A friend asked me this week if I'd blogged about finding my purpose.

I once read the book Purpose-Driven Life by Rick Warren. You'll find it an especially good read if you're Christian. It's meaningfully touched thousands and thousands who've tried it.

I think that the idea of purpose is subjective, meaning that if you ask several people you'll get several answers. Who determines our purpose? Ourselves? Or something bigger than ourselves?

I could say that my purpose it what I choose it to be. My destiny is in my hands. My purpose is by definition the end results that flow from the series of actions that I take between now and my last breath.

I could say instead that my purpose is known by my creator. That I was made thoughtfully and deliberately, with a palette of intentionally bestowed gifts, to be used to make a specific difference in the world. That I am called to discover that purpose and pour myself into it completely.

If it's true that we have a singular purpose, just like we have a singular time of death, I wonder if it is something that we really do want to know? Part of the adventure of life is the exploration, the journey. Many of my friends and family have changed jobs multiple times. I'm doing things today that I didn't dream of ten years ago.

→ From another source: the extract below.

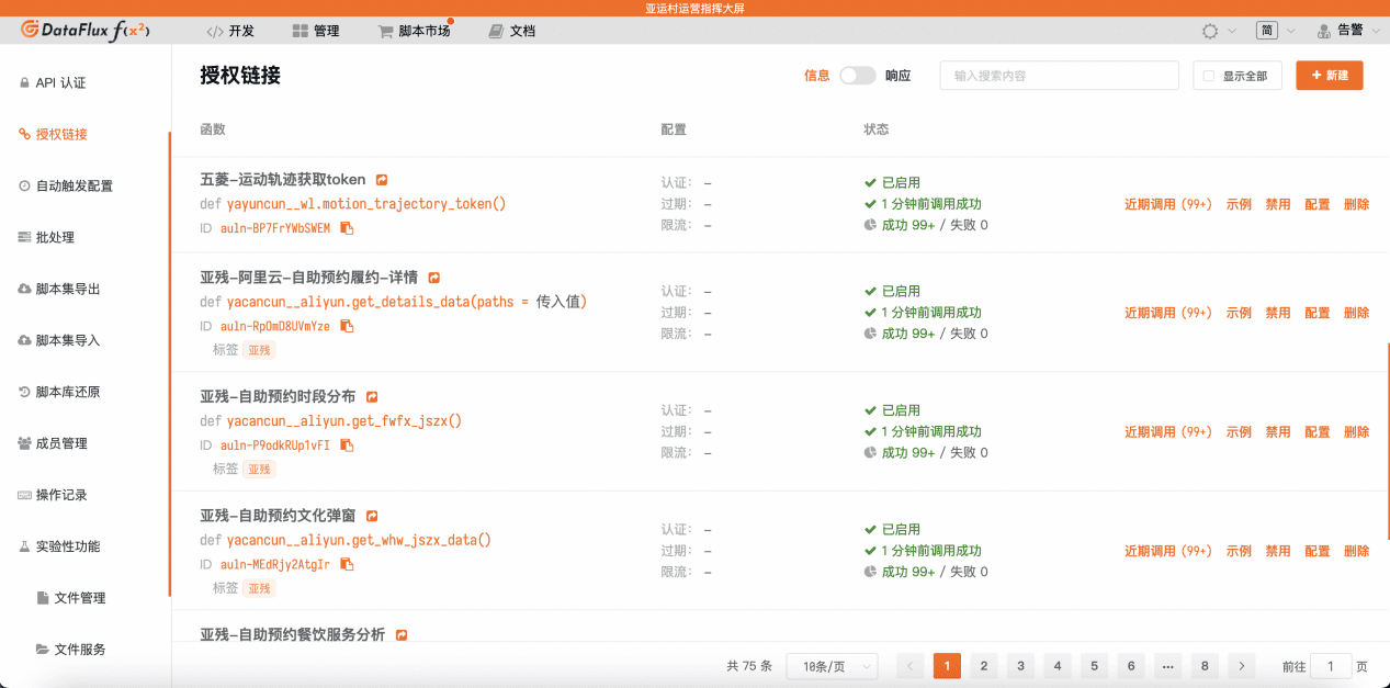 f(x) 平台共接入 3 种数据类型【文件导入、数据库链接和三方系统 API 】,共计 20 个系统,编写了 11 个代码模块包【包含 1 个内部编写的通用请求封装包,1 个 websocket 处理模块】,开放了 75 个授权链接,制作了 68 个自动触发任务【定时任务】,开放了 16 个文件服务,缓存了 1000+ 条数据。

Do I regret how I've spent my time? Has it been wasted at all? Would I be making the most of my life to find my best path and follow it?

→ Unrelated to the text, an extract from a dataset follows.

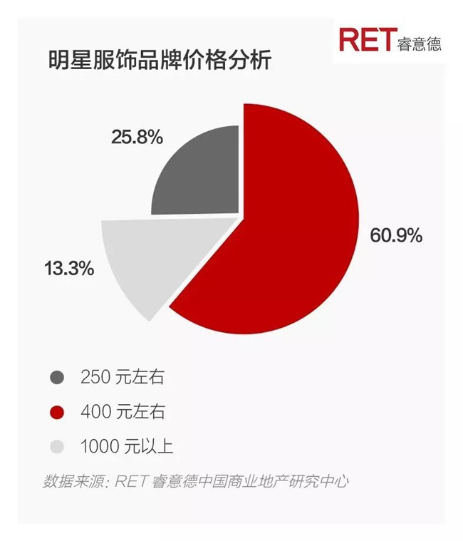 客单价千元以上的明星品牌占13%。此类开店明星平均年龄50岁,其年龄层次代表的圈层对质量与设计有更高的要求,并愿意为之买单。与品牌定位匹配的明星形象,增加了品牌的附加值。此类品牌,主要面向中高端消费者,开通电商渠道的仅占两成。

I've come to believe that when I look back at my life, what I would regret more than anything is to have spent it unhappily. For most of it, although I've made big mistakes, I've done what I enjoyed.

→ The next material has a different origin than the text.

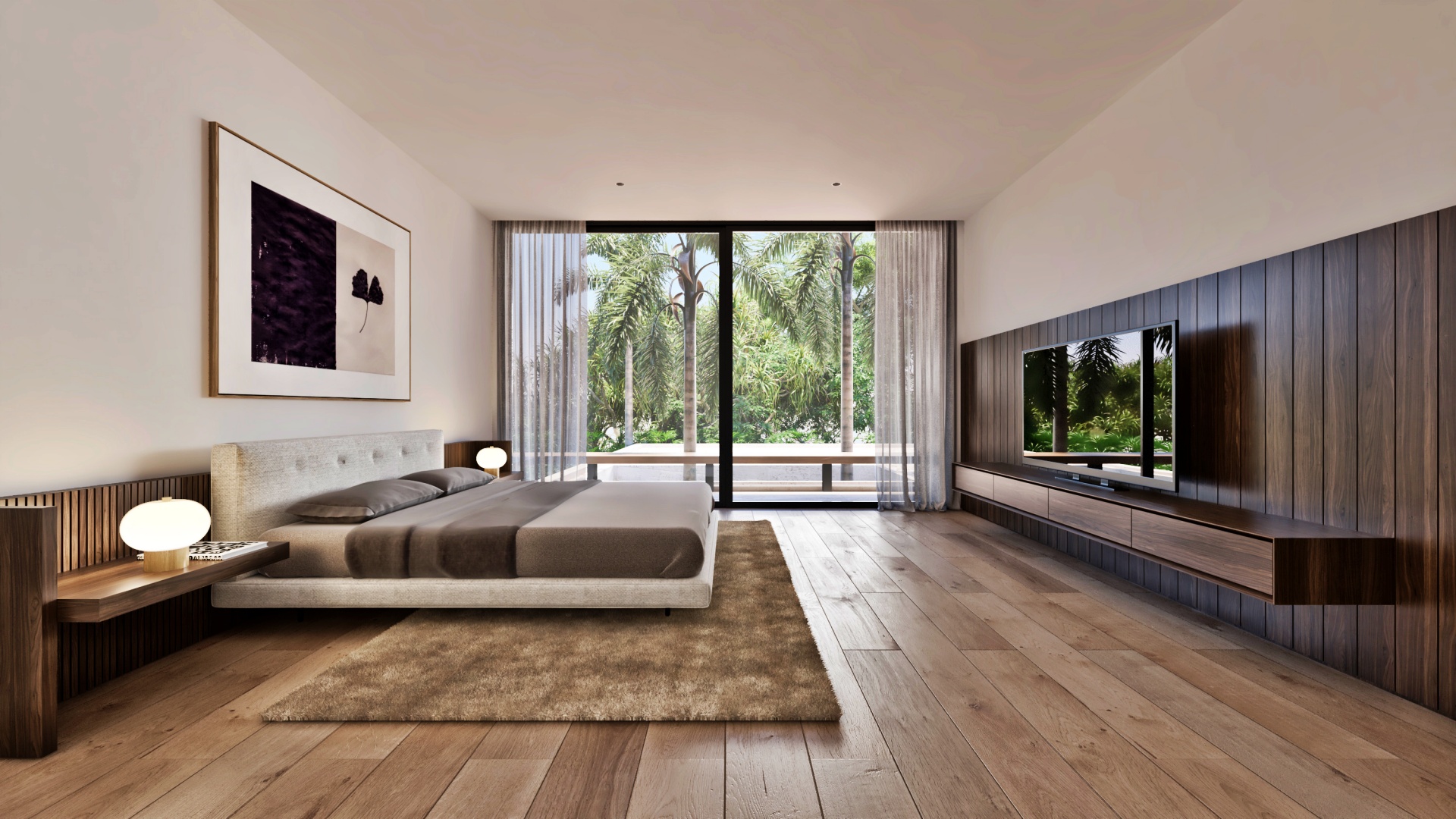 Die Villa verfügt über vier geräumige Schlafzimmer, jedes mit eigenem Bad, die allen Familienmitgliedern und Gästen ein Höchstmaß an Privatsphäre und Komfort bieten. Die Badezimmer sind mit hochwertigen Oberflächen ausgestattet, die Stil und Funktionalität vereinen. Darüber hinaus verfügt die Villa über ein Gäste-WC, das für noch mehr Komfort sorgt.

I do think of God like a gardener, and us as flowers:

http://joemcdonald.blogspot.com/2010/08/gardener.html

Flowers grow best in the soil that's richest for them. "Perfect soil" is different for different flowers. The longer I live, the better I get at recognizing the soil that's best for me. Because I study myself, this body that God gave me.

What can you do energetically, with hours seeming like minutes?
What moments have brought tears of joy to your eyes?
What plans make it easy for you to get out of bed in the morning?

Whatever the answer is, do that.
Whatever strays from that answer, steer away.

That's what I think is a good purpose.